Tessa Jowell’s mutual BBC
Tessa Jowell has proposed that the BBC must be preserved and that it should be a mutual owned and controlled by the licence-fee holders. This is a socialist romantic’s vision and it mirrors rather well my “right-wing” proposal for a National Media Trust.
Ms Jowell, writing in The Telegraph ( “BBC crisis: let the public run our national broadcaster”, 13 November 2012), outlines the case for the BBC in almost all the terms I aimed to dismiss in my book, “Scrap the BBC!”. She claims it is: irreplaceable; an indispensible part of the ecology of broadcasting; in its entirety a necessary response to market failure. She then goes on to suggest that the BBC ought to be owned and controlled by some unspecified democratic process involving the 26.8 million licence fee payers.

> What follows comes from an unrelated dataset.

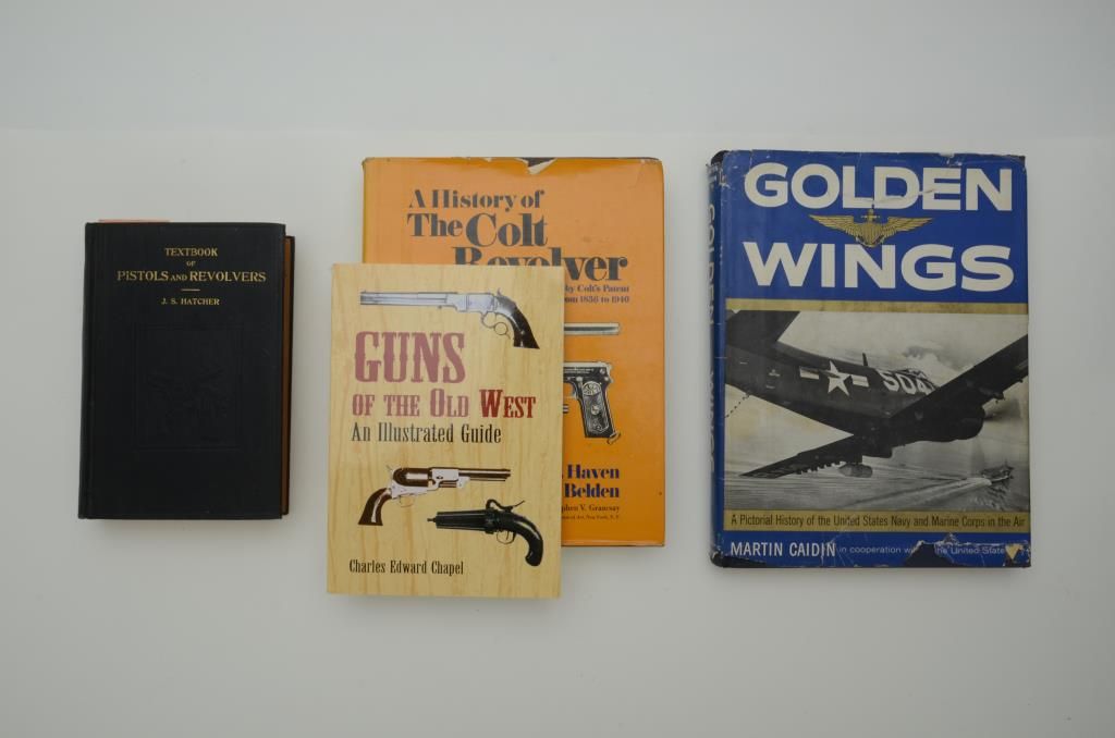 Lot of 4 collector reference books including Haven & Belden’s History of the Colt Revolver; Golden Wings by Martin Caidin; Hatcher’s Textbook of Pistols & Revolvers and Chapel’s Guns of the Old West. Est.:$50-$100.

My first response is that this is a barmy solution to the problem of the BBC. The main argument against it is that it would create the requirment for us all to take part in a new political process in order to defend whatever tendency in the BBC was being threatened by the factions one did not approve of. To unpick that a little: because the BBC would remain a monolith of staggering importance, the battle over its nature would become all but compulsory.
My own idea, for a National Media Trust, is much more realistic. It does not suppose that the NMT would be unique or exclusive or control a monolith. It does invite the reasonable thought that the literate, numerate, pubic-spirited middle class could be inspired to find such a Trust an exciting way of funding such media activity as was subject to market failure. It doesn’t at all preclude the idea that there might be a media trust with broadly leftish – and another of broadly rightish – ideals. But neither does it assume that one NMT couldn’t be highly pluralistic.
I suppose Ms Jowell is happy with her vision of a BBC monolith run by the masses, presumably on populist lines. My NMT would be elitist by comparison: it might do de haut en bas, and be generous to free-riders, but it would presumably be very conscious of a public service remit. I imagine the NMT would mostly sponsor serious material and let the market take care of mass entertainment. Good luck with squaring that circle, Ms Jowell.